AML is frequently diagnosed in elderly patients, with a median age of 69. Many older patients cannot tolerate intensive chemotherapy and/or stem cell transplantation, making curative treatment difficult and rates of early relapse high. Immunotherapy with dendritic cell (DC) vaccines after chemotherapy was shown by others to provide clinical benefit to some AML patients (van Tendeloo et al. 2010).
Here we report results in four AML patients receiving DC vaccines targeting the antigens Wilm's tumor-1 (WT-1) and preferentially expressed antigen in melanoma (PRAME), applied in compassionate use, employing new generation monocyte-derived fast DCs, matured with a cocktail containing the TLR7/8 ligand R848. The mature DCs show high expression of CD83, strong up-regulation of HLA-DR and co-stimulatory molecules, down-regulation of CD14 and polarized release of IL-12p70, with no or low IL-10 secretion, upon T cell encounter.
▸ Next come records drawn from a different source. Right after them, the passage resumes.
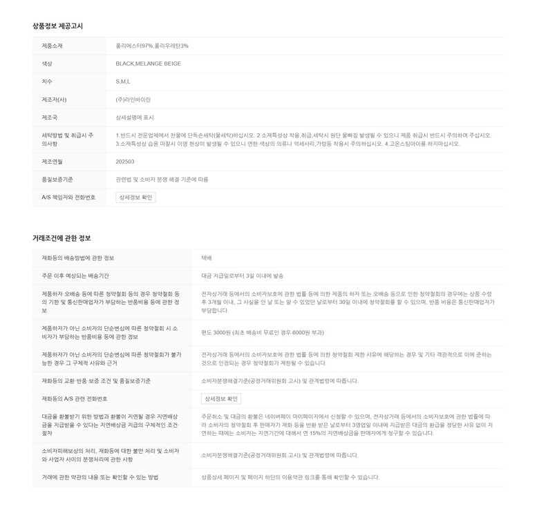 | 1. 제품 소재 (섬유의 조성 또는 혼용률을 백분율로 표시, 기능성인 경우 성적서 또는 허가서) | 상품상세참조 |
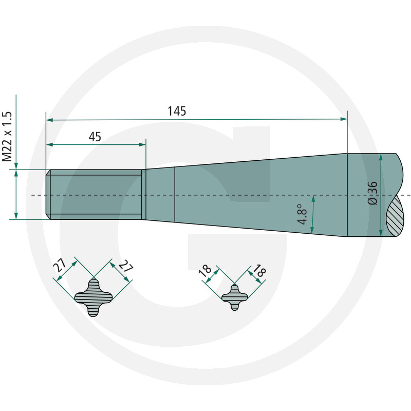 Pīķis, M22 x 1,5 mm, zvaigzne, konuss K003
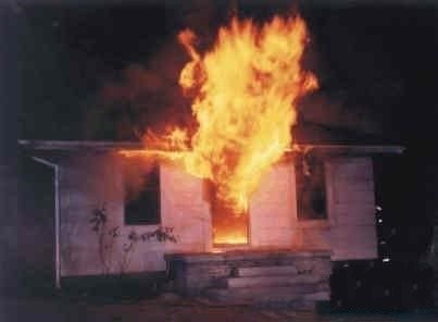 他们说是乡间一个废弃的小屋,某电影厂就地拍摄一个失火的片段,而拍摄剪辑中出现下面画面(注意看火的样子)
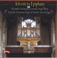 Magnificat sexti toni; Buxtehude Chorale Fantasia on ‘Wie schön leuchtet der Morgenstern’; Bach Nun komm, der Heiden Heiland BWV659, BWV660 & BWV661; Guilmant Introduction et variations sur un ancien Noël polonais; Flor Peeters Heer Jezus heft een hofken; Gerhard Krapf Veni, Emmanuel; Helmut Walcha Chorale Prelude on ‘Den die Hirten lobten sehre’; Manz Wie schön leuchtet; Blatchly Three versets on ‘Away in a manger’; Edmundson Toccata-Prelude IV ‘Vom Himmel hoch’.
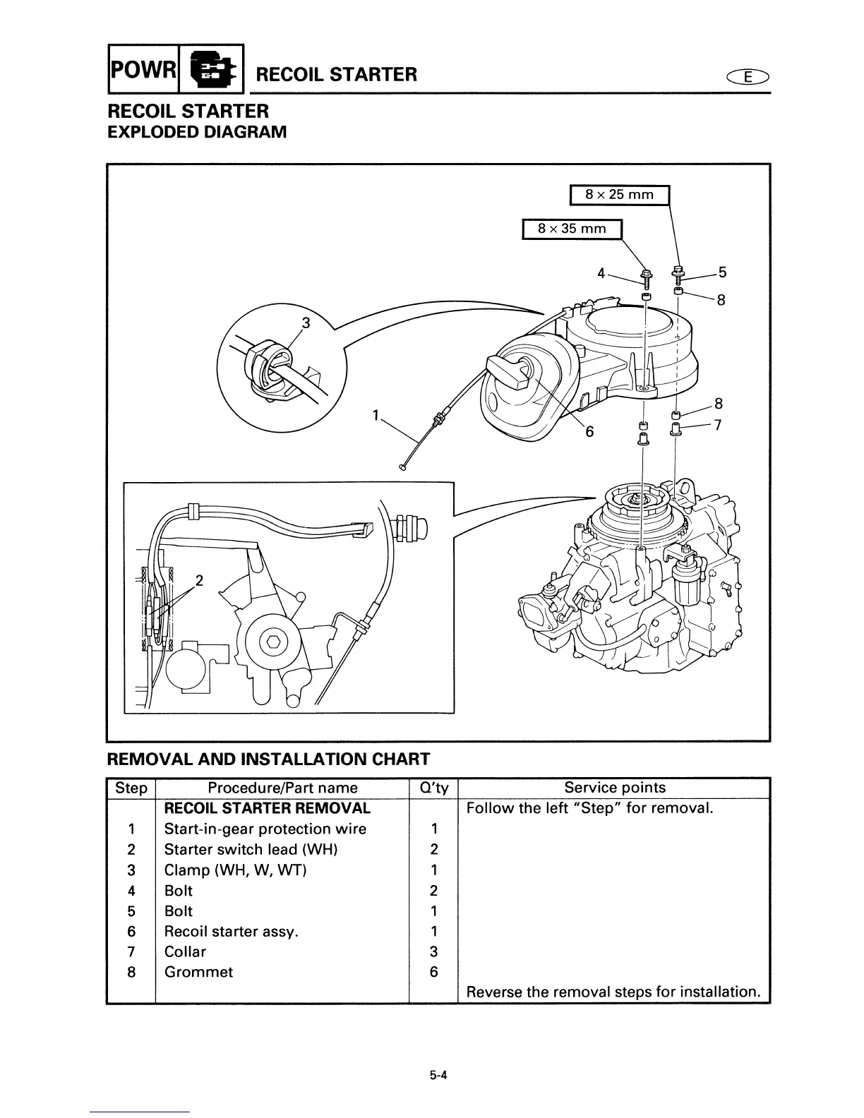 Yamaha E40X - Recoil Starter Exploded Diagram;Removal and Installation Chart
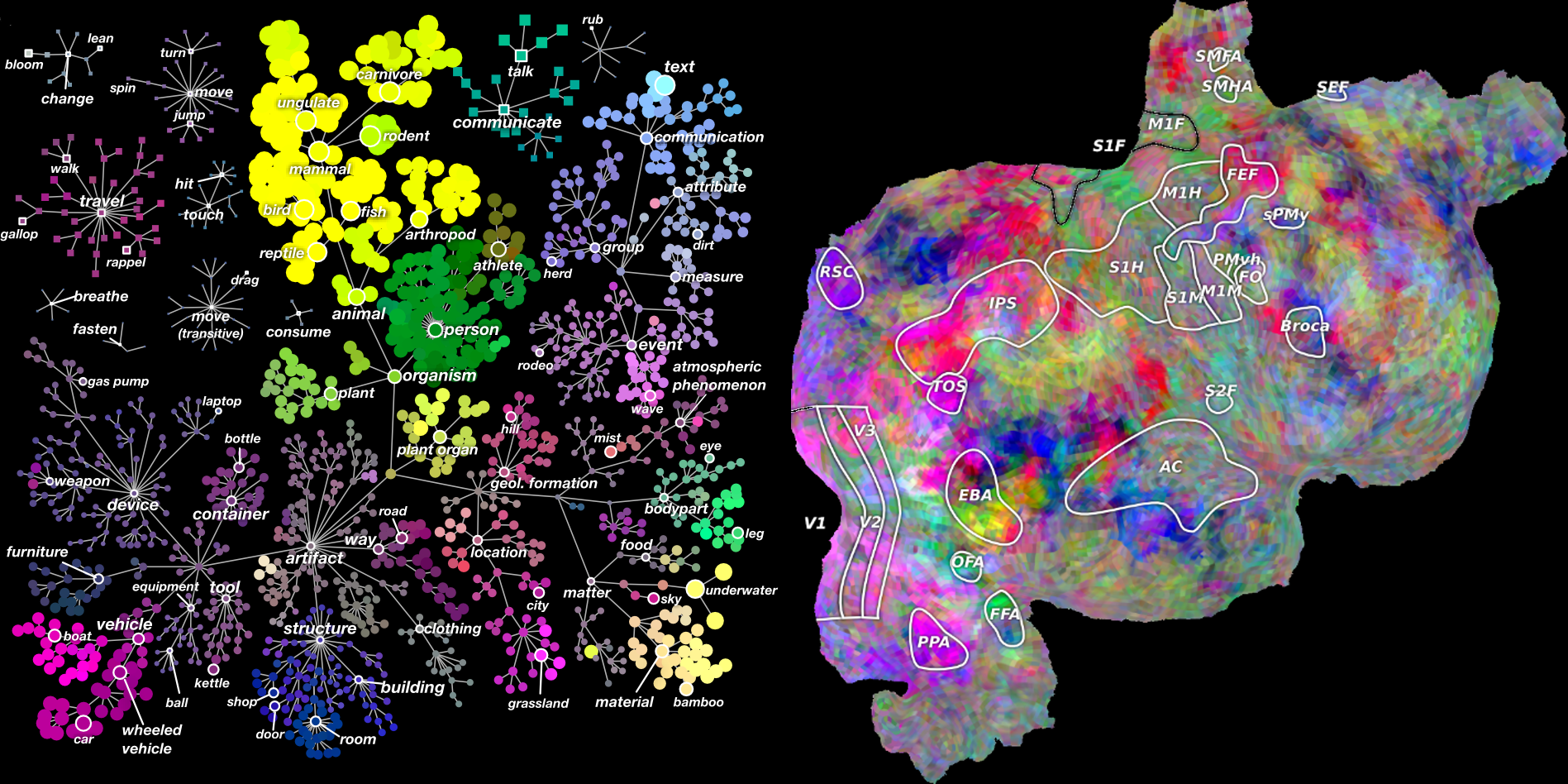 The image above is from the paper “A Continous Semantic Space Describes the Representation of Thousands of Object and Action Categories across the Human Brain” by Huth et al.[5] They used fMRI to record activity across the cortex while subjects watched annotated video clips, and then used that data to find out roughly what types of concepts each voxel of cortex responds to. It correctly identifies the FFA region as specializing in people-face things and the PPA as specializing in man-made objects and buildings. A limitation of the above image visualizations is that they don’t show response variance or breadth, so the voxel colors are especially misleading for lower level cortical regions that represent generic local features (such as gabor edges in V1).

After informed consent and hematopoietic recovery from chemotherapy, mononuclear cells were collected by apheresis and mature DC vaccines were prepared to separately express full length mRNA encoding the two target antigens (Subklewe et al. Cancer Immunol. Immunother. 2014). DCs were administered intradermally, once weekly for 4 wks, at wk6 and then on a monthly basis. Blood and bone marrow (BM) samples were collected throughout treatment. Minimal residual disease (MRD) was measured in BM and blood by quantitative PCR of WT-1 expression and BM was monitored by morphology.
Table 1 summarizes the salient features of the patients, treatment parameters, MRD monitoring and initial immune response assessment. DTH reactions were detected in all patients challenged with DCs at wk6. Immune responses of CD4 and CD8 T cells demonstrating intracellular interferon gamma (IFNg) expression were assessed by flow cytometry of PBL stimulated overnight with peptides spanning WT-1, PRAME, and hTERT and survivin as vaccine-unrelated antigens. Responses were scored positive when two-fold or greater frequencies of IFNg-expressing T cells were found compared to unstimulated controls.
Patient (Pt.)CU030 and Pt.CU031 showed CD4 and CD8 responses to different test antigens. Pt.CU030 displayed strong and persistent CD8 responses to PRAME and a surprising increase in hTERT reactivity, potentially representing epitope spreading. The pt. continues to receive monthly vaccination and displays a low fluctuating WT-1 PCR signal in BM but no signal is seen in blood at wk61 after start of vaccination. Pt.CU031 displayed WT-1-specific immune responses until wk37 when responses decreased and WT-1 PCR signals increased in BM. The pt. developed Bell's palsy and immune responses were no longer detected after cortisone therapy. WT-1 signals then increased strongly in BM, accompanied by an increase of blasts. Pt. CU033 had no significant T cell response during 9 months (m) of vaccination. WT-1 signals now increase slowly in BM but relapse cannot be confirmed by morphology and WT-1 PCR remains negative in blood. Pt.CU040 has only received DC vaccines for 5 m, remains in morphological remission and immune response and MRD monitoring are ongoing.
These results show that fast, TLR-polarized DCs induce or enhance specific T cell responses in elderly and undertreated AML patients, with individual strengths and specificities. Preliminary assessments suggest that changes in MRD are related to increase or loss of vaccine-associated immune responses.
Table 1. Characteristics of AML patients receiving DC vaccines Patient CU030 CU031 CU033 CU040 Age 57 50 68 73 Sex f m f f AML Classification M4 M2 M1 M1 Risk Classification intermed intermed intermed good Chemotherapy cycles Induction/Consolidation 2/0 2/4 2/0 2/0 Time between chemo-therapy and vaccination 5 m 8 m 3 m 7 m Months of vaccination as of (08/2015) 16 m 10 m 9 m 5 m DTH responses at w6 toWT-1/PRAME DC challenge pos/pos pos/pos pos/pos pos/pos IFNg-positive T cell responses to overlapping peptides of WT-1, PRAME, hTERT, and Survivin Strong and persistent CD8 responses to PRAME and hTERT Early CD4 & CD8 responses to WT-1; decrease at wk37; full loss after cortisone therapy No significant responses detected up to wk33 To be done after acquisition of further samples MRD (WT-1 PCR) in BM/blood fluctuating low /neg rapid increase after cortisone /pos slow increase /neg ongoing BM morphology (most recent test) neg pos neg neg Time since completion of chemotherapy 21 m 18 m 12 m 12 m
Disclosures
Eckl: Medigene Immunotherapies GmbH: Employment. Schendel:Medigene Immunotherapies GmbH: Employment, Equity Ownership, Membership on an entity's Board of Directors or advisory committees, Patents & Royalties: for DC maturation cocktail. Kvalheim:Medigene Immunotherapies GmbH: Other: Scientific collaboration.